* Problem statement
Scan the lines below for the word "para". Copy each line you find it in.

* Exercise material

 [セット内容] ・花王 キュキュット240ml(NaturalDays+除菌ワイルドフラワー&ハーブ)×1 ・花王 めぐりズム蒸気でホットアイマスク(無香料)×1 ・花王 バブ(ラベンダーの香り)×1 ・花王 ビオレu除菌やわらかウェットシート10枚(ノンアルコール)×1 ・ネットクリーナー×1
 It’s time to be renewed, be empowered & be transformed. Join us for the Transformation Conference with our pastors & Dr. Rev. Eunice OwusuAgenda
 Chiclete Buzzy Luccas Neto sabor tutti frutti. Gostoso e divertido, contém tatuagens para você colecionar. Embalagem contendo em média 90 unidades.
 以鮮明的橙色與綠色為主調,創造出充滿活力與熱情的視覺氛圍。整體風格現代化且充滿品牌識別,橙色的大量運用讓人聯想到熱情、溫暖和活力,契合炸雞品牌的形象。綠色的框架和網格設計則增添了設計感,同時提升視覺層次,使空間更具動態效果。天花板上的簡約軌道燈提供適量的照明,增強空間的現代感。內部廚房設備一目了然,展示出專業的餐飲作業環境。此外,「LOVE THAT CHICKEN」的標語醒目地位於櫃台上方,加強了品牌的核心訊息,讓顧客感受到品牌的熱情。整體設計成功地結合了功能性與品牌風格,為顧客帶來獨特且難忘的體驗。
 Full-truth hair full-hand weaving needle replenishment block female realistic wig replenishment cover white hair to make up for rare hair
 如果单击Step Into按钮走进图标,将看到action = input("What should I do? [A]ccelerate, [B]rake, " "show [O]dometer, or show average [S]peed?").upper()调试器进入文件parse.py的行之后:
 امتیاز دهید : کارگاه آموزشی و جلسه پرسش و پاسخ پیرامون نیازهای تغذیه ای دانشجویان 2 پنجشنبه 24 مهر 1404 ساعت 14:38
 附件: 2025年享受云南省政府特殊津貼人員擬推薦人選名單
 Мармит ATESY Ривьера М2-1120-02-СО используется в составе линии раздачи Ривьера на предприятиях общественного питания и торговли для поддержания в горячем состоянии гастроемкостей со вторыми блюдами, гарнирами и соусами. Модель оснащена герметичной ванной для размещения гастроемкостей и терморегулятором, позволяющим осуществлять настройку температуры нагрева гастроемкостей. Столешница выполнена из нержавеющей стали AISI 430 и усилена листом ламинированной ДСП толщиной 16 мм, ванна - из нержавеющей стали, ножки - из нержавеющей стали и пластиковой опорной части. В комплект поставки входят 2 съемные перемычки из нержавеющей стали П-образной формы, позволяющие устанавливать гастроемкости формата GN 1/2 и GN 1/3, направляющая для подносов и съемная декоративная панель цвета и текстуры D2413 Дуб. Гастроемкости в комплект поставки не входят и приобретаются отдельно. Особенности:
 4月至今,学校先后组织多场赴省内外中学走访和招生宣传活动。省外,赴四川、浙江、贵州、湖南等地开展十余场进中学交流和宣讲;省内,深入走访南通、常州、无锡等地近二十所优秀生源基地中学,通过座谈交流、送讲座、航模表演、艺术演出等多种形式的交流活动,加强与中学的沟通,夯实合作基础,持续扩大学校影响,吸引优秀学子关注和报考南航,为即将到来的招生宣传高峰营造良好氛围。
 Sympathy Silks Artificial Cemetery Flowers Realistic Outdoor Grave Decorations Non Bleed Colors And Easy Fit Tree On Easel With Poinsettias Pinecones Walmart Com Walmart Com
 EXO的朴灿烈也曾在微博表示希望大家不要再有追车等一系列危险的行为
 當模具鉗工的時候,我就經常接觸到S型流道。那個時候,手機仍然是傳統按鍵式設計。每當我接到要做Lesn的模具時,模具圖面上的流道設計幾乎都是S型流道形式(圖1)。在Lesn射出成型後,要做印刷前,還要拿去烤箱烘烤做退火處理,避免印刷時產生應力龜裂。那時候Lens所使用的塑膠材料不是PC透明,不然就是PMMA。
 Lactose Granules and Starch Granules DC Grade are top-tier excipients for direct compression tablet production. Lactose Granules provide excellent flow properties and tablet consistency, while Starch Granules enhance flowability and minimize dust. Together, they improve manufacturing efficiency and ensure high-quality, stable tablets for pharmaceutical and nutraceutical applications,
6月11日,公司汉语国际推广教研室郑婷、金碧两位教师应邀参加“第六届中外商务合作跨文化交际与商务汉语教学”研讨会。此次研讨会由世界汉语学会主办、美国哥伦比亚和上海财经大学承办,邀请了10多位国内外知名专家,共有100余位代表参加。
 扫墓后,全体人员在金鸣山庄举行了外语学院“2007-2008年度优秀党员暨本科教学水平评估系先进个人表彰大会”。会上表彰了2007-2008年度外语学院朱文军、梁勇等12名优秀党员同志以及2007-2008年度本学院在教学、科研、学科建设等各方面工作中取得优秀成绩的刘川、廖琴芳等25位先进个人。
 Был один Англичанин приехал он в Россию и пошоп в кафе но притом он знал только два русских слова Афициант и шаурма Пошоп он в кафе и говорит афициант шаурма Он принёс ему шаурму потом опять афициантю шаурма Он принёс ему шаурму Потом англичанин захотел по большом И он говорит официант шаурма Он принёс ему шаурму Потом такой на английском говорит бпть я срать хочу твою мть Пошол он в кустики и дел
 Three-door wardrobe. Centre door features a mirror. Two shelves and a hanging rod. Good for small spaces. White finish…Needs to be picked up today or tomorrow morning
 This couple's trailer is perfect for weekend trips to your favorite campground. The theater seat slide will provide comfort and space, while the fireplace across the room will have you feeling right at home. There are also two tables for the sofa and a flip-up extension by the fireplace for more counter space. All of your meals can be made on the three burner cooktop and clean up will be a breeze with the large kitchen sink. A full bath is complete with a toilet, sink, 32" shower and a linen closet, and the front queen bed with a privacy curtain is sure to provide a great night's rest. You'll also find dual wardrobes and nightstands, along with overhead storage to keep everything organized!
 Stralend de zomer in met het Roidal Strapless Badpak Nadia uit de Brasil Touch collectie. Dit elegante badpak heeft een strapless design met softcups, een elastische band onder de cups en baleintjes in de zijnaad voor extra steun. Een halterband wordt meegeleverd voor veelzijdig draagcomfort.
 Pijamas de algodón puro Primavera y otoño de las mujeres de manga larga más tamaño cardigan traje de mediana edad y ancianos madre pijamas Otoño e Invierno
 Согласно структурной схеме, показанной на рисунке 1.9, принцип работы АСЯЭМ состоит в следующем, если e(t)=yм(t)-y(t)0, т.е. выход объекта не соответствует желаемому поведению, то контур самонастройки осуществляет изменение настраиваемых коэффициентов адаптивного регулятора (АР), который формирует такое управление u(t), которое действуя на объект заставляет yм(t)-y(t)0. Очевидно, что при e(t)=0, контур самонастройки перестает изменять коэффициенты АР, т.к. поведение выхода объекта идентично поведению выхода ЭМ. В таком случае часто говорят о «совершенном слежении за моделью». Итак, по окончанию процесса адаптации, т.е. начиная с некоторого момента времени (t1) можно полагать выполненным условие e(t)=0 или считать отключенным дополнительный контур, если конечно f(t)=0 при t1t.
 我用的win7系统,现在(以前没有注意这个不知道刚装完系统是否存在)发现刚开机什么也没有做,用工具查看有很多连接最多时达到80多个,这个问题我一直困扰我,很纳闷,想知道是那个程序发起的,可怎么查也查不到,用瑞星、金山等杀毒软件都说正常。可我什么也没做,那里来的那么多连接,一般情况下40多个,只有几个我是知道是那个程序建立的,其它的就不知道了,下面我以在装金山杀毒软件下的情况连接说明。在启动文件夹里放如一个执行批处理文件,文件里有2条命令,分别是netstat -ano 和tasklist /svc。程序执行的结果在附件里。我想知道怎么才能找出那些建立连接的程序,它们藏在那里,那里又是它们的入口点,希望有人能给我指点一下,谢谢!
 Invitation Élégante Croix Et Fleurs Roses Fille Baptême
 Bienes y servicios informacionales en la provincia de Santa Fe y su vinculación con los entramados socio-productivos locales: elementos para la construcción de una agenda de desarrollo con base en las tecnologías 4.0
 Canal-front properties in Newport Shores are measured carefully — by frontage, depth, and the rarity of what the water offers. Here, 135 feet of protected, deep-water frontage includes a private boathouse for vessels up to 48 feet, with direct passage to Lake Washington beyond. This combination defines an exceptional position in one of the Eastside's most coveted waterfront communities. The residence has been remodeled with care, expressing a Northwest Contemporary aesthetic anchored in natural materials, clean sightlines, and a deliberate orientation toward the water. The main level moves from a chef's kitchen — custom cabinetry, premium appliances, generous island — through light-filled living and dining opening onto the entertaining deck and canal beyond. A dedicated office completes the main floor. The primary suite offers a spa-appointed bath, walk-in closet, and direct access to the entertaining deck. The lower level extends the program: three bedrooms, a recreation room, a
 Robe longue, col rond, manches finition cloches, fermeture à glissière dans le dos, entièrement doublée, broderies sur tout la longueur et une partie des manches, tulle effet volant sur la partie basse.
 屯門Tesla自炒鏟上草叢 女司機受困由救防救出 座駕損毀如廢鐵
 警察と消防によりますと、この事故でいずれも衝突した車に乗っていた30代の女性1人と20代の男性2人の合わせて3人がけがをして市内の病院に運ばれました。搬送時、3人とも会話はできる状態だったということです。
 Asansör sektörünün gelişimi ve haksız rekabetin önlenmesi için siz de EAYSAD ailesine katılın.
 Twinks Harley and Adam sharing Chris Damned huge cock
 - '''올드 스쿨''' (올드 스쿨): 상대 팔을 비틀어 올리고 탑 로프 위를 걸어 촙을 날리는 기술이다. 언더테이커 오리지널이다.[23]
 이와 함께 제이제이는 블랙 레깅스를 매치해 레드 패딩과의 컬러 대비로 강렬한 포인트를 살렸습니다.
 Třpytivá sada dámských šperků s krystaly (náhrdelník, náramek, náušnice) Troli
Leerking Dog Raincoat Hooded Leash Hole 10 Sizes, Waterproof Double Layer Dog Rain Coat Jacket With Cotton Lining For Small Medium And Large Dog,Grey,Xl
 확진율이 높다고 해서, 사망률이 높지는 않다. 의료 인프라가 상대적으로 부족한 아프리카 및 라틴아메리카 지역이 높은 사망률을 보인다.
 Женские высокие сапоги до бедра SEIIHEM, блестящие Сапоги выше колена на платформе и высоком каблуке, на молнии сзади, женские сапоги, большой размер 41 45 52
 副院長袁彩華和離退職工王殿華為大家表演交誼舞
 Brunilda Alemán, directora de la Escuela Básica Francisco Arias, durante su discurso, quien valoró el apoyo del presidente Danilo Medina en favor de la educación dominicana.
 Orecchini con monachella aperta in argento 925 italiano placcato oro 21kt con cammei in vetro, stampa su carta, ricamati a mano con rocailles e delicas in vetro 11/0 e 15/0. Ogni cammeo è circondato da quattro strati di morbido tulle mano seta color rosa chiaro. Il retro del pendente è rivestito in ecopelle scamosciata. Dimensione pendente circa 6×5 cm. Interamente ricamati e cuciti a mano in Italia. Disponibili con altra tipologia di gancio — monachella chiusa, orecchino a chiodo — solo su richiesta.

* Solution
 Chiclete Buzzy Luccas Neto sabor tutti frutti. Gostoso e divertido, contém tatuagens para você colecionar. Embalagem contendo em média 90 unidades.
 Bienes y servicios informacionales en la provincia de Santa Fe y su vinculación con los entramados socio-productivos locales: elementos para la construcción de una agenda de desarrollo con base en las tecnologías 4.0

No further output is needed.